* Dataset extract

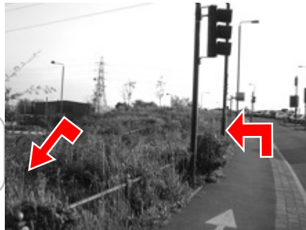
Or cross Ruckholt Road
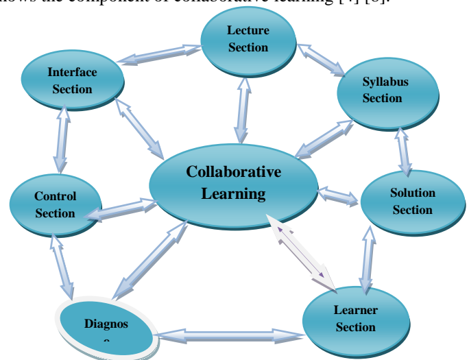
Fig. 3. "Shows the section of collaborative learning"

Syllabus module has course information which stands for the target skill and its component sub-skills, and depicts how they are linked. The teacher's common strategy is to present tutoring, ask questions, and assess answers. It generates and updates a student replica based on knowledge of the learner's ordinary language answers to evaluation questions. Figure 3 shows the component of collaborative learning [4] [8].
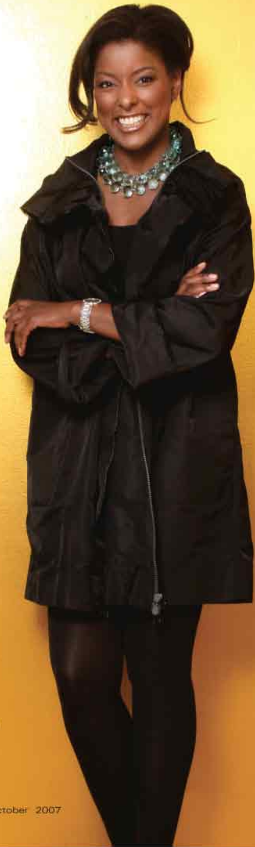
Lori: Black long nylon jacket by Larvin, black tank and leggings by Wolford, earrings by North/South and Czech glass bead necklace by Detra available at Hamrah's, Cresskill. Watch by Piaget available at The Timepiece Collection.
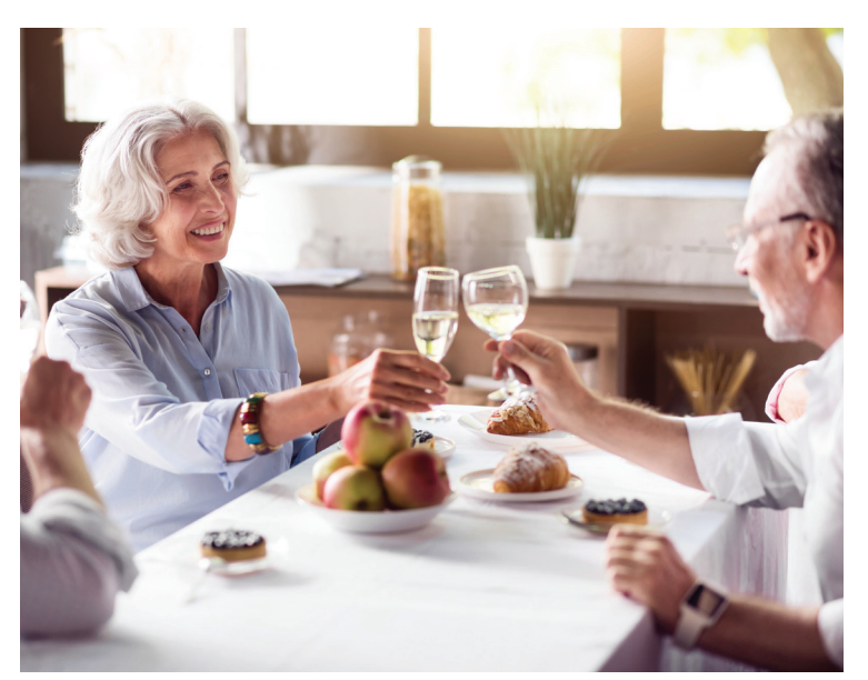
Our premium ergonomic suspension systems offer superior long-term comfort, and facilitate a sitter's circulation.

* Exercise instructions
With "learning" as the string to find, copy every line of the records that holds it.

* Result
Fig. 3. "Shows the section of collaborative learning"
Syllabus module has course information which stands for the target skill and its component sub-skills, and depicts how they are linked. The teacher's common strategy is to present tutoring, ask questions, and assess answers. It generates and updates a student replica based on knowledge of the learner's ordinary language answers to evaluation questions. Figure 3 shows the component of collaborative learning [4] [8].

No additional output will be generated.